Molecular design of hypothalamus development

A wealth of specialized neuroendocrine command systems intercalated within the hypothalamus control the most fundamental physiological needs(1,2). Nevertheless, a developmental blueprint integrating molecular determinants of neuronal and glial diversity along temporal and spatial scales of hypothalamus development remains unresolved(3). Here, we combine single-cell RNA-seq on 51,199 cells of ectodermal origin, gene regulatory network (GRN) screens in conjunction with GWAS-based disease phenotyping and genetic lineage reconstruction to show that 9 glial and 33 neuronal subtypes are generated by mid-gestation under the control of distinct GRNs.
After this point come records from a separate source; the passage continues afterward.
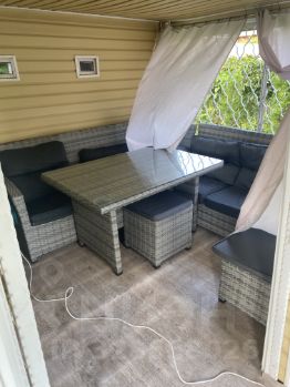 Продается уютный и комфортный каркасно-щитовой домик, на первом этаже гостиная, 3 спальни, туалет, душ, баня, кладовая, на втором мансардном этаже еще одна комната, во всем доме пластиковые окна, железная дверь, водонагреватель, спутниковая антенна. Дом обставлен всей необходимой мебелью в хорошем состоянии. Есть пристроенная летняя кухня с холодильником, бетонная площадка под автомобиль, установлен новый забор с воротами с лицевой стороны. Газовая труба у соседнего участка. Индивидуальный прямой договор электроснабжения с ПАО "Самараэнерго". На участке расположены бетонная площадка под бассейн, навес для мангала, дровница, хозблок, уличный туалет, уличный душ. Участок три года назад полностью обновлен, был снят верхний слой земли, завезен новый, засажен газон, убраны старые и посажены новые молодые деревья яблони, груши, абрикоса, сливы, есть взрослое дерево черешни (крупная и сладкая), малина, три вертикальные грядки многолетней клубники. На участке растет много туй, можжевельников, цветов, 8 сортов вкусного культурного винограда, много кустов роз и пионов. Есть небольшая теплица, перекрыта новым поликарбонатом. Дружелюбные соседи. Облагораживали и оформляли для себя, продаем в связи с переездом. Цена 2,2 млн.рублей. Еще за 0,1 тыс рублей можем оставить набор плетенной летней мебели, каркасный бассейн, качели и шезлонги.
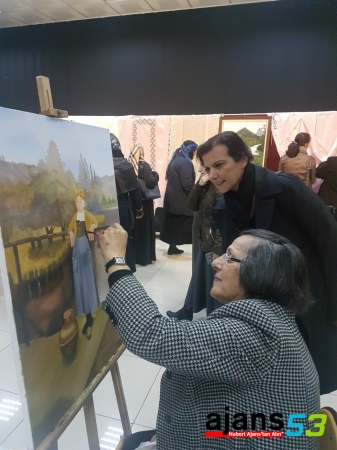 “ Her yaşta sanat” sergisinde sergilenen eserler arasında, Yatak örtüleri, makine nakış işlemeleri, iğne oyaları,,elbise ve gecelik dikimleri ile kabartma resim, yağlı boya resimler sergilendi.
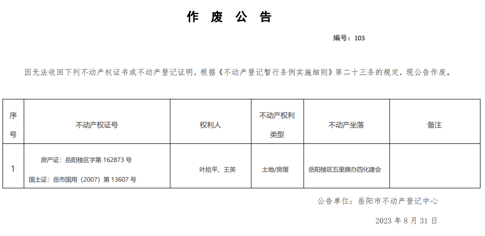 作废公告 编号:叶拾平、王英(103)
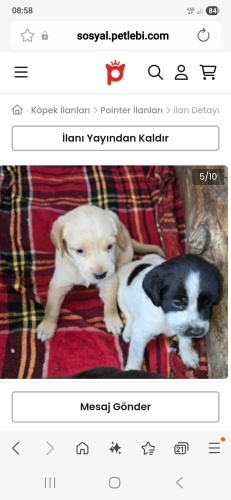 2 aylik pointer melez yavru 4 tane yavru kardeşler. 3 dişi 1 erkek. Anne yi av olarak kullanıp sonra hamile kalinca terk ediyorlar. Bu bebekler bol bol anne sütü içdiler çok saglikli ve koruma altinda. Iç diş parazit yapildi. Buyunce küçük orta boy olucakdir. Ücretsiz sahiplenme ömürlük yuva arıyoruz. Lütfen küçük çocuklu ailelere anne veya baba iletişime geçsin. NOT: ASLA AV YAPAN KIŞILERE SAHİPLENME YAPMIYORUZ...
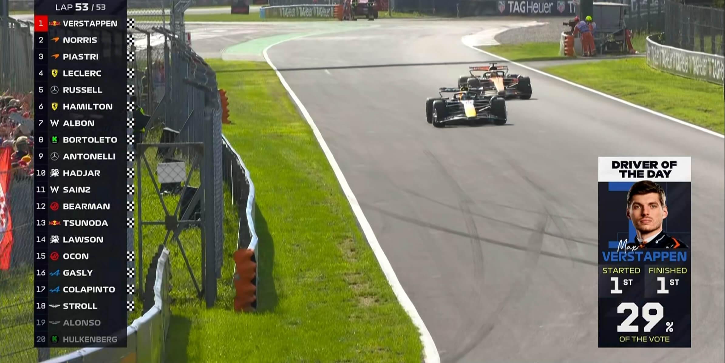 冲线!维斯塔潘全场表现非常稳定,杆位起跑拿下意大利站的冠军!
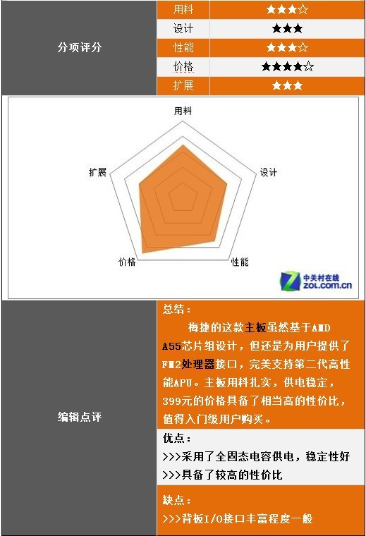 從上面的測(cè)試成績(jī)中不難發(fā)現(xiàn),梅捷的這款主板搭配第二代APU的性能表現(xiàn)還是不錯(cuò)的,不僅具備了良好的運(yùn)算能力,還能夠在720P分辨率下流暢運(yùn)行全特效的游戲。而值得一提的是,梅捷SY-F2A75X全固版的售價(jià)僅為399元,非常適合入門(mén)級(jí)用戶(hù)選用,完全能夠滿(mǎn)足日常的上網(wǎng)、辦公、影音、游戲等方面的使用需求。
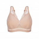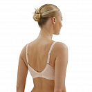 Поверх гладкой чашки, которая придает бюсту красивую округлую форму, проходит кружевное полотно с орнаментом в горошек, имитирующее бралетт. Завышенная линия декольте, высокая пройма и широкая спинка, которая у застежки становится выше, а также кружево, заходящее на бретели, скрывают возможные неровности и гарантируют безупречную посадку.
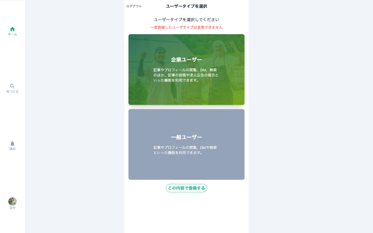 「求人支援アプリ つぐもん」では、企業ユーザーと一般ユーザーの2種類のユーザータイプを用意しています。
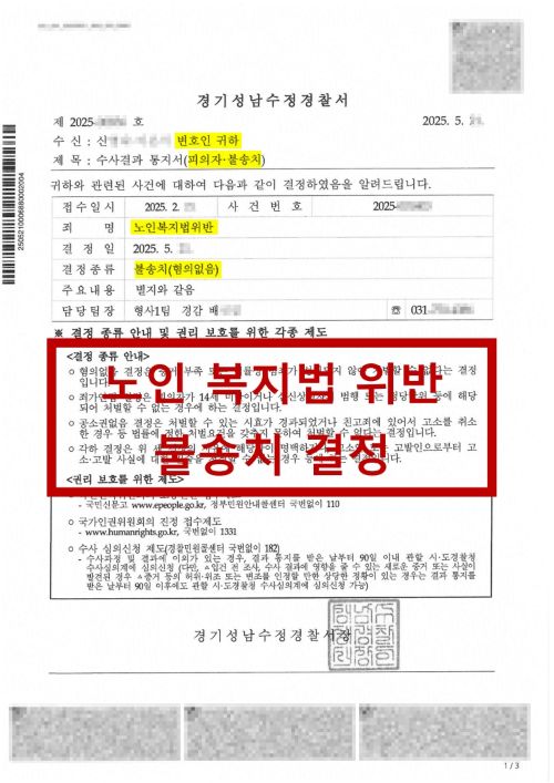 노인복지법위반 불송치 결정

Combinatorial molecular codes arising from neurotransmitters, neuropeptides and transcription factors are minimally required to decode the taxonomical hierarchy of hypothalamic neurons. Differentiation of GABA and dopamine but not glutamate neurons relies on quasi-stable intermediate states with a pool of GABA progenitors giving rise to dopamine cells(4). An unexpected abundance of chemotropic proliferation and guidance cues commonly implicated in dorsal (cortical) patterning(5) was found in the hypothalamus. Particularly, Slit/Robo loss-of-function impacted both the production and positioning of periventricular dopamine neurons. Overall, we uncover molecular principles shaping the developmental architecture of the hypothalamus and show how neuronal heterogeneity is transformed into a multimodal neural unit to endow a virtually infinite adaptive potential throughout life.